Aristoloşik asit içeren ve piyasada satılan bazı bitkisel ürünlerin kullanımında toksikin etkili olabildiğini vurgulayan Büyükbakkal, diğer hususun ise Hipersensitivite (aşırı duyarlılık) reaksiyonları olarak adlandırıldığını ve kimyasalın dozuna bağlı olmadığını kaydetti.

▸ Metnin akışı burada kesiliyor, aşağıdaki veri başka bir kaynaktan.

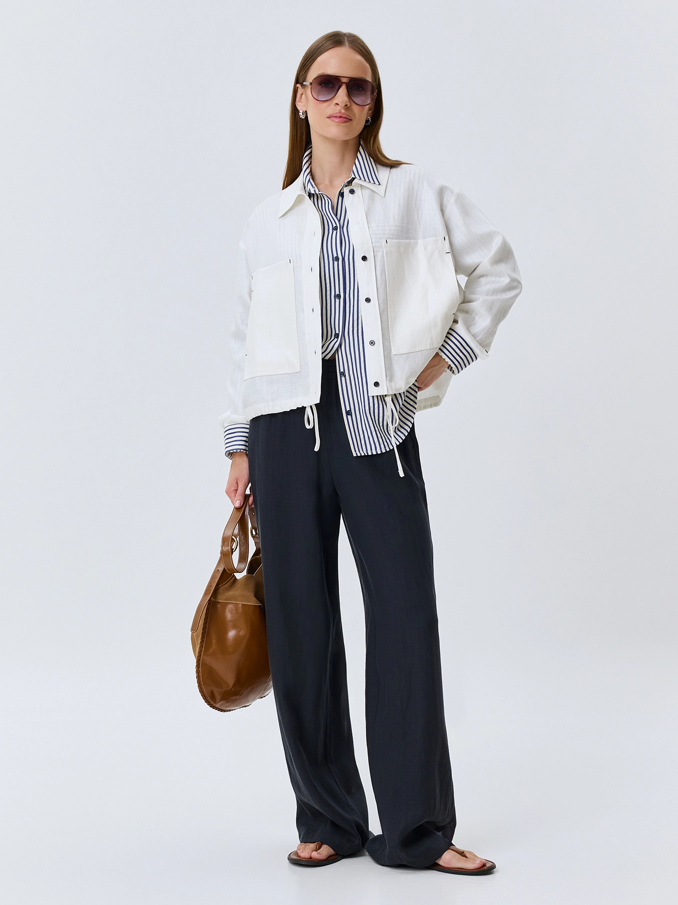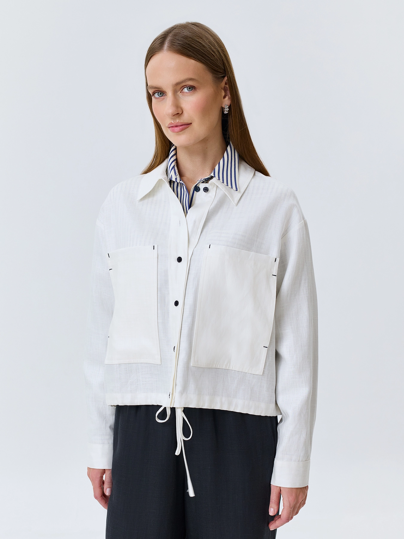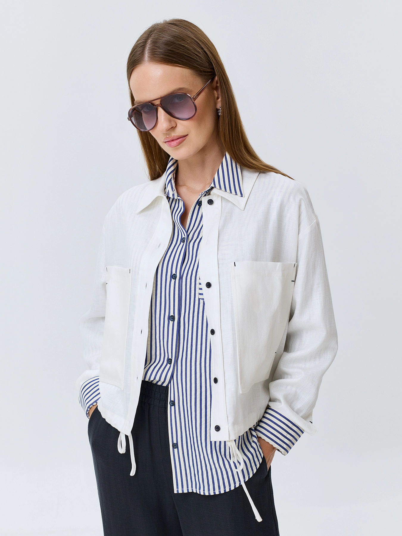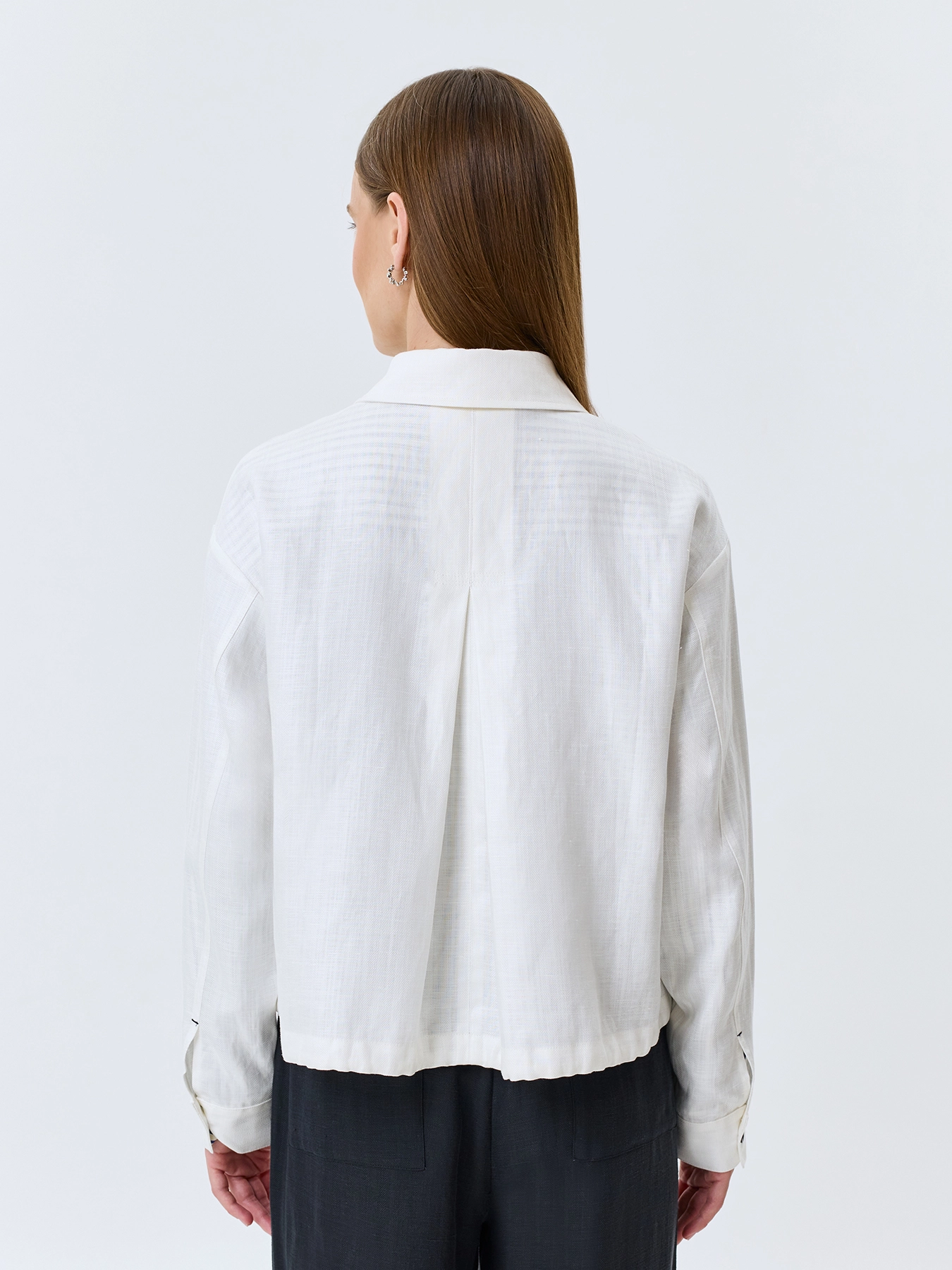 Легкий жакет из тенселя и льна. Свободный силуэт. Отложной воротник. Застежка на контрастные пуговицы. Накладные нагрудные карманы. Спущенная линия плеч и длинные рукава с манжетами по низу. Дополнен контрастными закрепками на карманах.
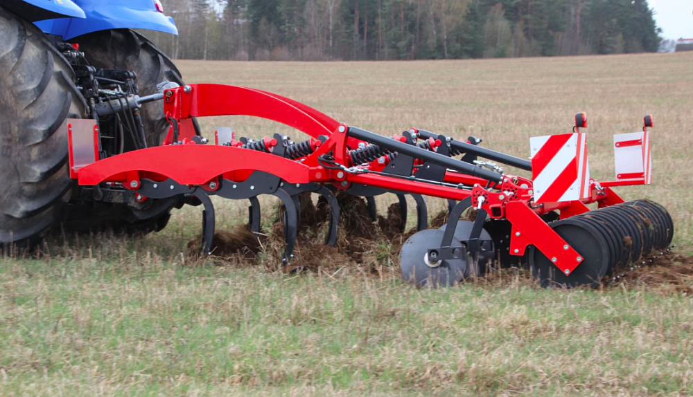 Установлено 8 надёжных и долговечных дисков, устойчивых к износу. Рассчитаны на продолжительную эксплуатацию. Применение стерневого тракторного культиватора позволяет выполнять обработку почвы на глубину до 30 сантиметров. Применяется навесная жёсткая рама. Ширина обработки почвы составляет 3,5 метра.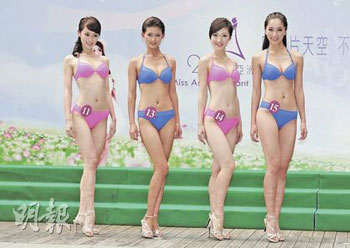 中新網(wǎng)10月15日電 據(jù)香港《文匯報(bào)》報(bào)道,2009年亞洲小姐選舉候選佳麗14日在香港荃灣一間酒店以泳裝在池畔與傳媒見面,但2號(hào)王,幓忌蠚夤苎兹毕挥18位佳麗亮相。大會(huì)安排佳麗穿上比基尼泳裝,各佳麗身裁都顯得突出。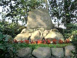 In einer kleinen Anlage ein großer Findling mit Inschrift und den Namen von 21 Kriegstoten beider Weltkriege.
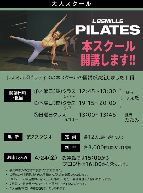 大人スクール『LesMILLS PILATES(レズミルズピラティス)』のお知らせ![]()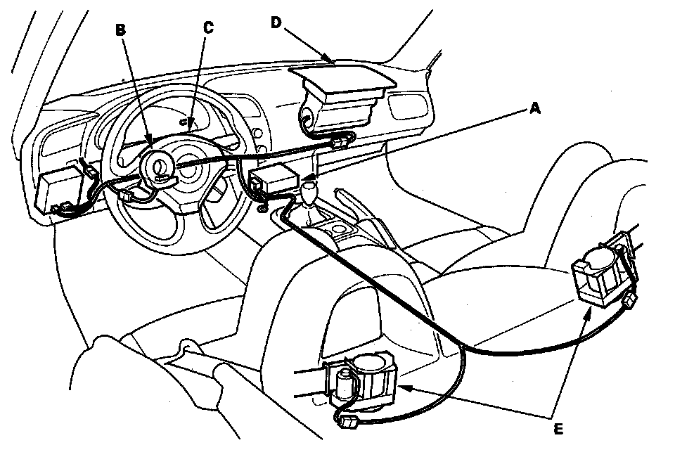 The SRS is a safety device which, when used with the seat belt, is designed to help protect the driver and passenger in a frontal impact exceeding a certain set limit. The system consists of the SRS unit, including a safing sensor and an impact sensor (A), the cable reel (B), the driver's airbag (C) and the passenger's airbag (D).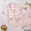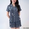 - Tên sản phẩm: Bộ Pijama lụa tay cộc quần cộc họa tiết gấu H1348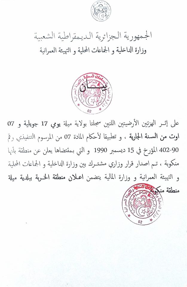 واعلنت وزارة الداخلية في بيان لها منطقة الخربية بولاية ميلة منطقة منكوبة بعد الهزتين الارضيتين التين ضربتا ولاية ميلة بتاريخ 17جويلية و7 اوت الجاري.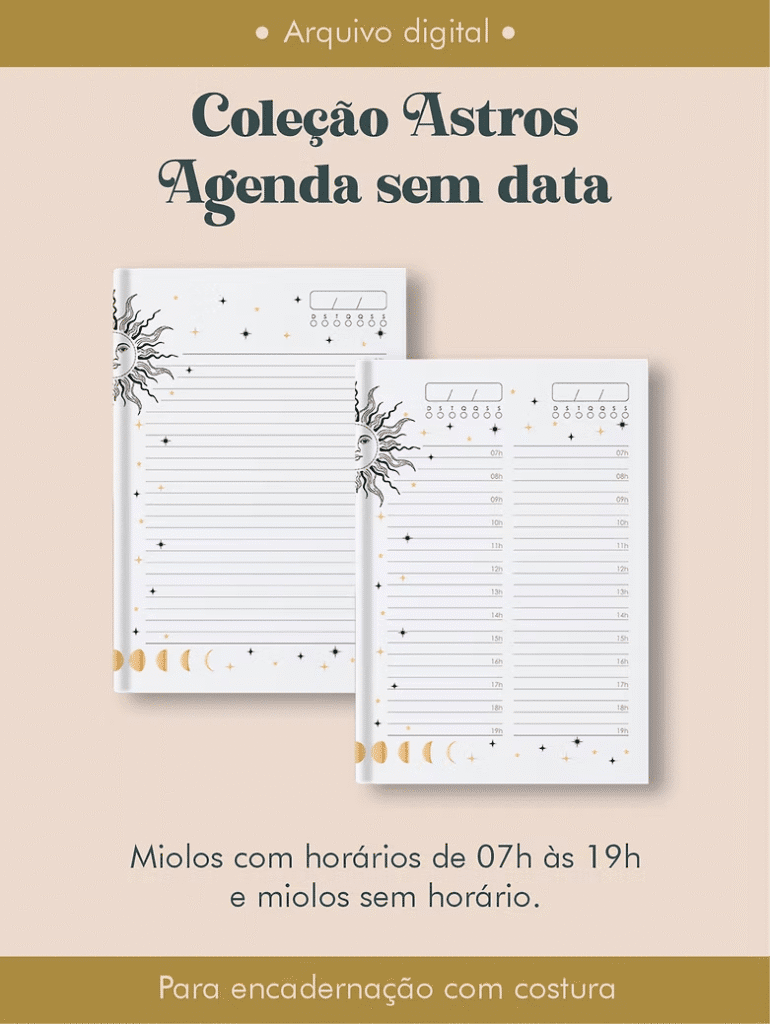 Miolo Agenda Sem Data Coleção Astros Costura (Perfeito Miolo)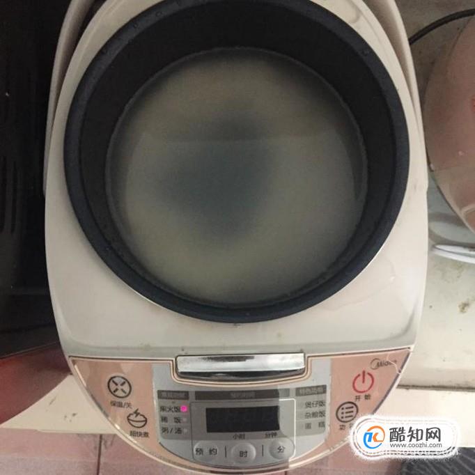 接著把泡好的大米,加入適量的清水,放入電飯煲煮五分鐘。
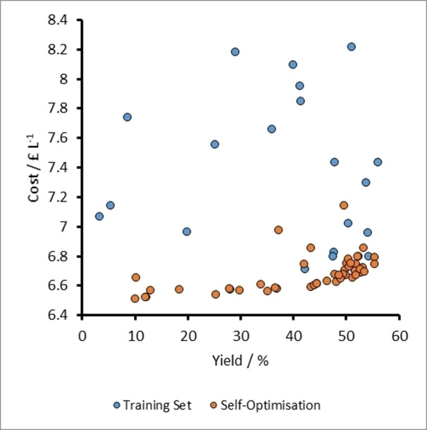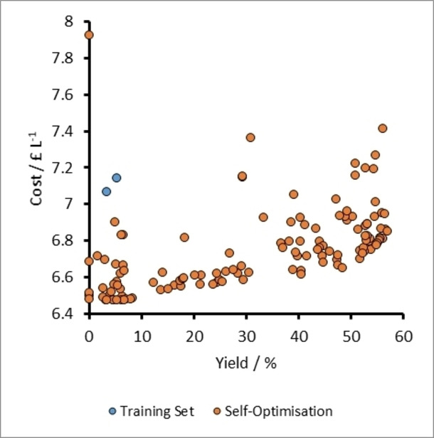 A plot of cost vs yield for experiments related to the self-optimization of aldol condensation reaction in Scheme 1 with limits from Table 1 (Self-Optimization One). The initial training set experiments and self-optimization experiments combine to form a Pareto front and the trade-off between the two optimization targets.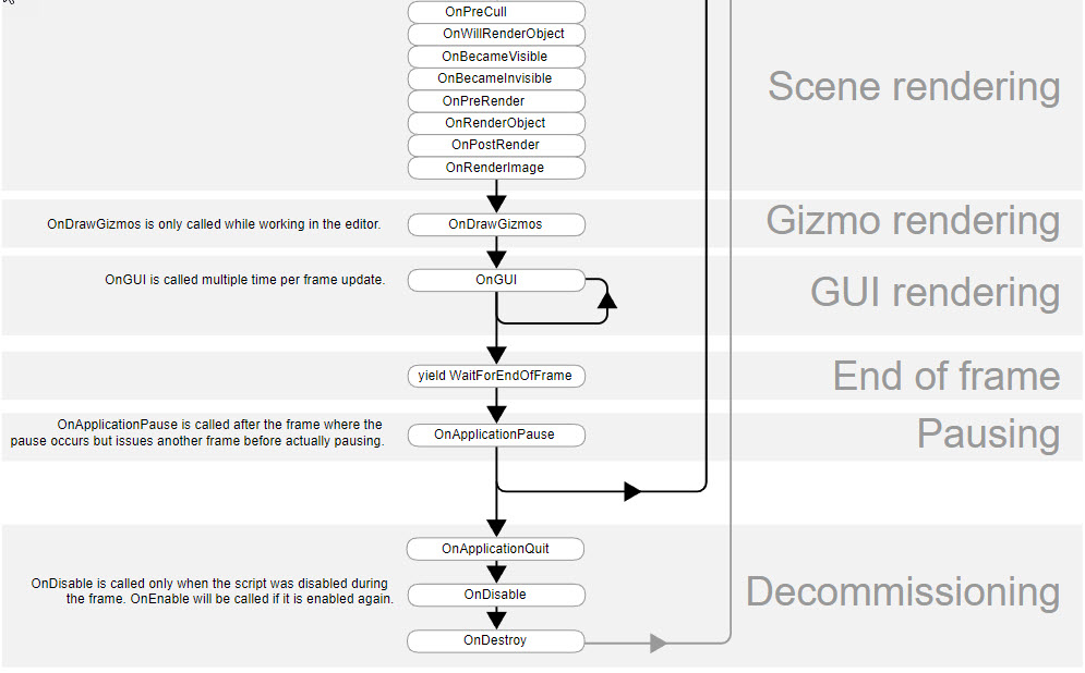 Instantiating Prefabs at run time Order of execution for event functions Running a Unity script executes a number of event functions in a predetermined order. This page describes those event functions and explains how they fit into the execution sequence.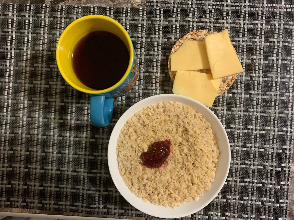 День начался в 5:30, но нужно было поработать чуть-чуть из за того что рано лег вчера. Потом покрутил педали 20 минут, выспался и сразу силы появились) Завтрак 7:30: Сегодня с утра захотелось добавил сладкое, буквально чайную ложку джема. Мелочь, а приятно. Геркулес (82г) 8г/5г/59г Чай - 0.1г/0.1г/0.1г Бородинский хлебец (10г) и сыр(30г) - 9г/9г/10г Джем - 0г/0г/4г Общее БЖУ: 17г/14г/73г Собрал еду на день: Обед 14:00: Гречка (120г) - 16г/4г/78г Грудки куриные жаренные (150г) - 44г/10г/1г Общее БЖУ: 60г/14г/79г Ужин 17:00: Гречка (30г) - 4г/1г/20г Помидоры черри (150г) - 1г/0.5г/4г 2 Яйца (100г) 12г/12г/1г Общее БЖУ: 17г/14г/25г Добил свою цель в 300 ккал, когда приехал домой. Второй ужин 20:00: Греческий йогурт 4% (140г) - 5г/9г/4г По приезду домой добил свою цель в 300 ккал На ночь 22:00 : Протеиновый коктейль ванильный Matrix 5.0 (30г) - 23г/1.5г/2г Пора спать , завтра опять подъем в 5:30. Тренировка спина + бицепс. Дневное БЖУ получилось : 112г/52.5г/183г - сегодня не добра
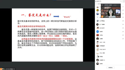 为迎接第八个国家宪法日,更好地贯彻落实教育部《普通高等学校宪法学教学重点指南》,加强学生对习近平法治思想的理解,437437必赢国际网址组织了两场宪法学专题讲座。12月3日晚,第一场“鉴定式:宪法基本权利保护案(事)例研习”主题线上讲座,由437437必赢国际网址白利萍副教授主讲、法律系朱蓓予主任主持,宪法与行政法教研室及部分老师出席,一百八十多名法学本科生、研究生参加。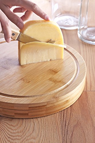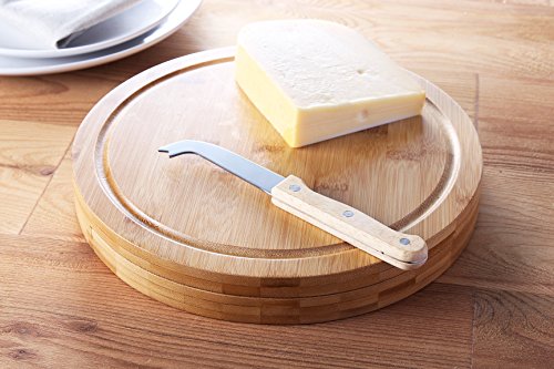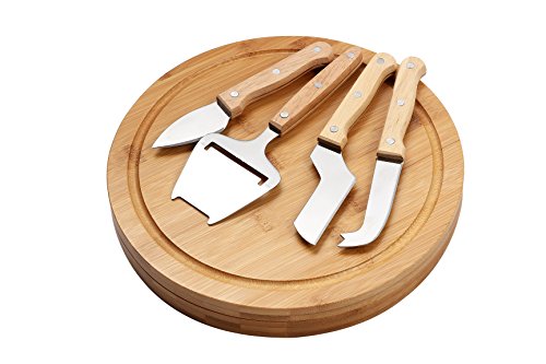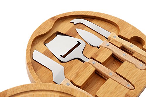 CHEESE BOARD SET - INCLUDES BAMBOO STORAGE CUTTING BOARD AND 5 PIECE KNIFE TOOLS SET - 10.2" X 10.2" X 1.5"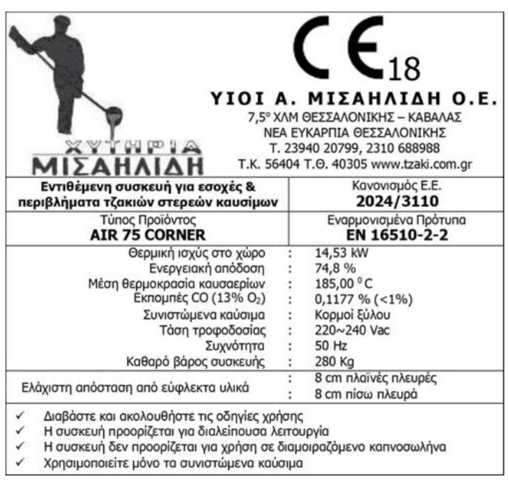 – Τζάκι διπλού τοιχώματος αποτελούμενο από χάλυβα 4mm.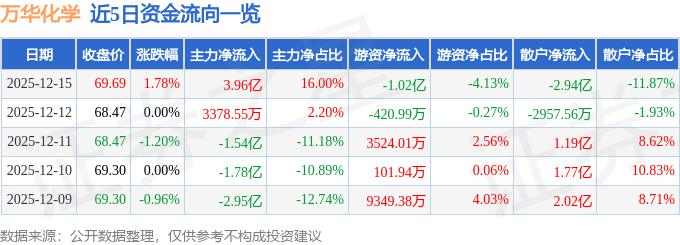 证券之星消息,截至2025年12月15日收盘,万华化学(600309)报收于69.69元,上涨1.78%,换手率1.13%,成交量35.28万手,成交额24.73亿元。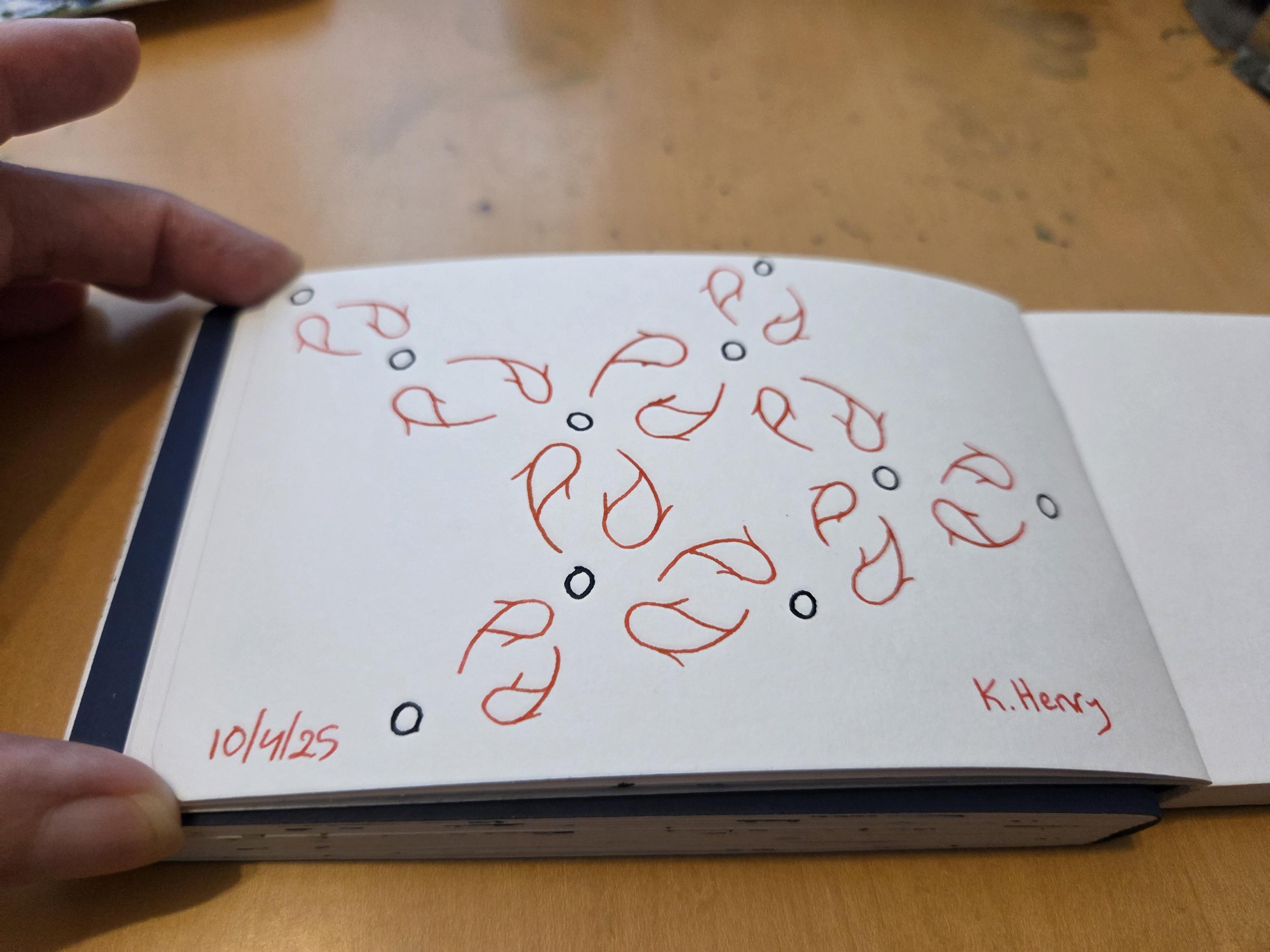 Today's Mathtober prompt is "Strongly". I'm interpreting this as a Strongly Connected Graph, in which there is a direct path between any two nodes. And I drew the edges as fish, as on does if they are a geeky artist like myself.

Büyükbakkal, son yıllarda, dünyanın her yerinden daha fazla insanın tamamlayıcı ve bütünleştirici tıbba (TBT) eğilim gösterdiğini bildirerek, şunları kaydetti:
"Bitkisel ürünler, doğal ve güvenli oldukları düşünülerek, reçeteli veya reçetesiz olarak hastalar tarafından sıklıkla kullanılmakta. Bitkisel ürünlerle ilişkili olarak ortaya çıkan böbrek hasarını rapor eden pek çok vaka bildirimleri bulunmaktadır. En iyi bilinen bitki kaynaklı böbrek hasarı, aristoloşik asit nefropatisidir. Birinci basamak hekimlerinin, sıklıkla hastalar tarafından belirtilmeyen bu tür tedavilerin potansiyel riskleri konusunda farkında olmaları ve hastalarını bitkisel ilaç kullanımları konusunda dikkatlice sorgulamaları gerekmektedir."